● Work task: Among the records below, find the line with "英国经济 7 月份连续第二个月陷入停滞,这意味着经济从衰退中快速复苏的势头正在减弱,这对首相基尔·斯塔默来说是一个打击。" and the line with "4 vols., 8vo., Second". Set down both and every line between, exactly and with no pictures, but nothing else.

● Input data:

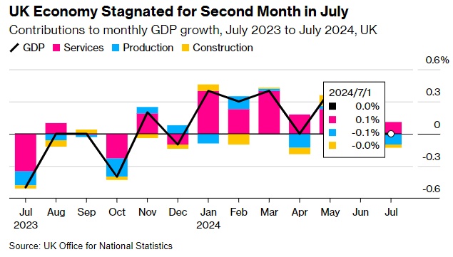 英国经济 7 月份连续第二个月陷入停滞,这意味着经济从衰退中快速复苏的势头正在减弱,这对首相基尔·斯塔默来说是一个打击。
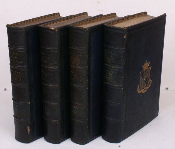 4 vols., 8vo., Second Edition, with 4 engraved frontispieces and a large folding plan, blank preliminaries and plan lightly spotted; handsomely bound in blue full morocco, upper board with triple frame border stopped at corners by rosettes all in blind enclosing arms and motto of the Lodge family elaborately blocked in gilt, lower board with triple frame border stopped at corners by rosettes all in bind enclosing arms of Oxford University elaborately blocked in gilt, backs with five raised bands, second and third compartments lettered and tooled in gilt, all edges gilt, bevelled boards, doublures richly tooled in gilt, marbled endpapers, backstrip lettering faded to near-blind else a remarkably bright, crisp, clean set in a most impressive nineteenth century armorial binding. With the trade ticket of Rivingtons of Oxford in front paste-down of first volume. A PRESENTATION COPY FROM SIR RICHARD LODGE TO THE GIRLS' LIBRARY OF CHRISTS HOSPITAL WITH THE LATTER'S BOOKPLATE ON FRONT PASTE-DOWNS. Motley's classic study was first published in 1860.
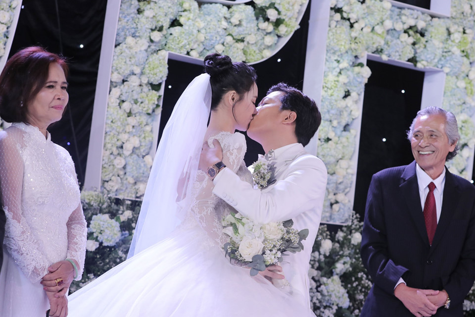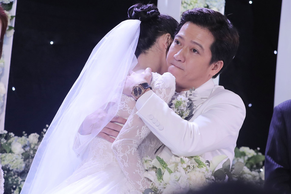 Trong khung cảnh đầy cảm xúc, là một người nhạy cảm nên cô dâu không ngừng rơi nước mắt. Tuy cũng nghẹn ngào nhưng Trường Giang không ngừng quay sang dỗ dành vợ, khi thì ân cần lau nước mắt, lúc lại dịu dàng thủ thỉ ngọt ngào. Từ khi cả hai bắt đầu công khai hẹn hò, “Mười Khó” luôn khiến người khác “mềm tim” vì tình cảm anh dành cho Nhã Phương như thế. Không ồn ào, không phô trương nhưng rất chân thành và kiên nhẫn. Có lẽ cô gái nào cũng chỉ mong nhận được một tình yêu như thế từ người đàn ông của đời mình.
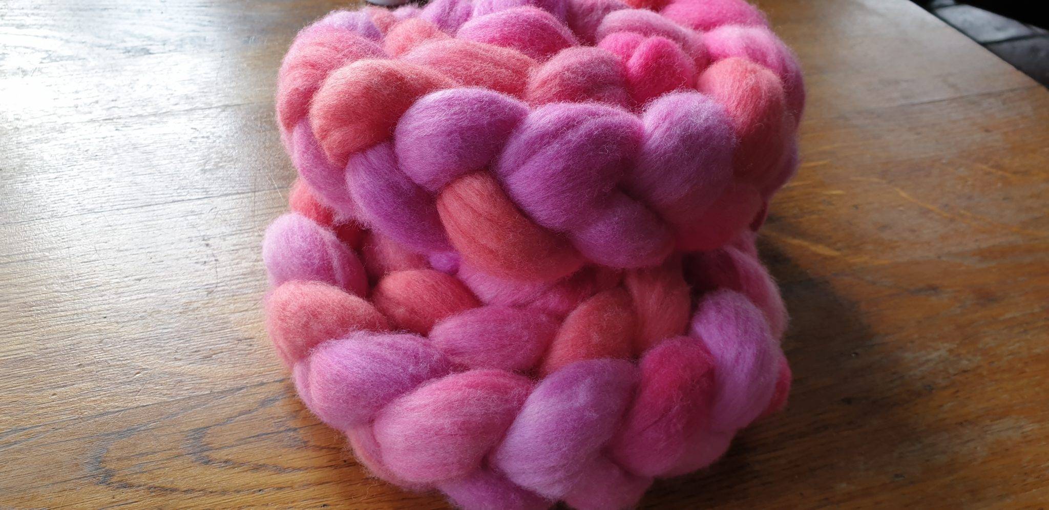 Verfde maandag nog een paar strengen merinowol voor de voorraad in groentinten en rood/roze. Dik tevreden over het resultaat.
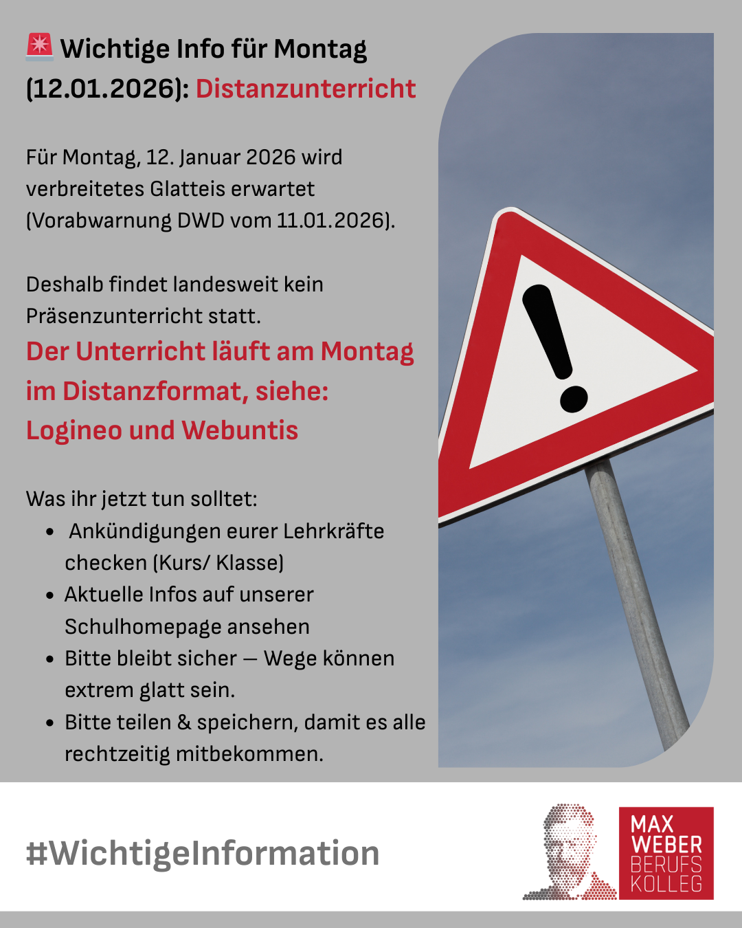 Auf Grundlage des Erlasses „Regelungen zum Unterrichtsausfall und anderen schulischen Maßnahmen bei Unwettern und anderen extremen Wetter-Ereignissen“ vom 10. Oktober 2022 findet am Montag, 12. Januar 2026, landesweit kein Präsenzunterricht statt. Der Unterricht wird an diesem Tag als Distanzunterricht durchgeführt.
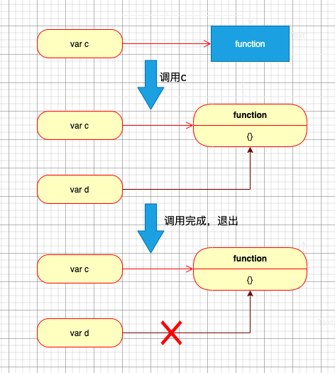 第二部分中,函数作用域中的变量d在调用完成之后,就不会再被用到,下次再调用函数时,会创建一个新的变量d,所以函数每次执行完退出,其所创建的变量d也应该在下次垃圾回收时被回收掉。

--

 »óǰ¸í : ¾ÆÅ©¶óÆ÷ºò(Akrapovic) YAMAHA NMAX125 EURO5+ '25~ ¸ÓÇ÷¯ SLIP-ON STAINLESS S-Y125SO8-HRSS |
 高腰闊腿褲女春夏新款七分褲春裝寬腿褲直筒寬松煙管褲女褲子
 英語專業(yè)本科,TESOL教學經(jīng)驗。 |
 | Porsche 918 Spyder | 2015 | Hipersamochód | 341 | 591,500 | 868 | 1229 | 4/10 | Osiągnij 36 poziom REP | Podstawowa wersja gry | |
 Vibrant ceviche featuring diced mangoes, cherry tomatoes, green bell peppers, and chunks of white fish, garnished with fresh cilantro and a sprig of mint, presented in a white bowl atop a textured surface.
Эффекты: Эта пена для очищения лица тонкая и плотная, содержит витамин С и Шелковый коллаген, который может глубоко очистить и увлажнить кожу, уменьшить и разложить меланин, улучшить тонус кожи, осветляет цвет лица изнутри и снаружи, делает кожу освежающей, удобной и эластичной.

● Exercise output:
 英国经济 7 月份连续第二个月陷入停滞,这意味着经济从衰退中快速复苏的势头正在减弱,这对首相基尔·斯塔默来说是一个打击。
 4 vols., 8vo., Second Edition, with 4 engraved frontispieces and a large folding plan, blank preliminaries and plan lightly spotted; handsomely bound in blue full morocco, upper board with triple frame border stopped at corners by rosettes all in blind enclosing arms and motto of the Lodge family elaborately blocked in gilt, lower board with triple frame border stopped at corners by rosettes all in bind enclosing arms of Oxford University elaborately blocked in gilt, backs with five raised bands, second and third compartments lettered and tooled in gilt, all edges gilt, bevelled boards, doublures richly tooled in gilt, marbled endpapers, backstrip lettering faded to near-blind else a remarkably bright, crisp, clean set in a most impressive nineteenth century armorial binding. With the trade ticket of Rivingtons of Oxford in front paste-down of first volume. A PRESENTATION COPY FROM SIR RICHARD LODGE TO THE GIRLS' LIBRARY OF CHRISTS HOSPITAL WITH THE LATTER'S BOOKPLATE ON FRONT PASTE-DOWNS. Motley's classic study was first published in 1860.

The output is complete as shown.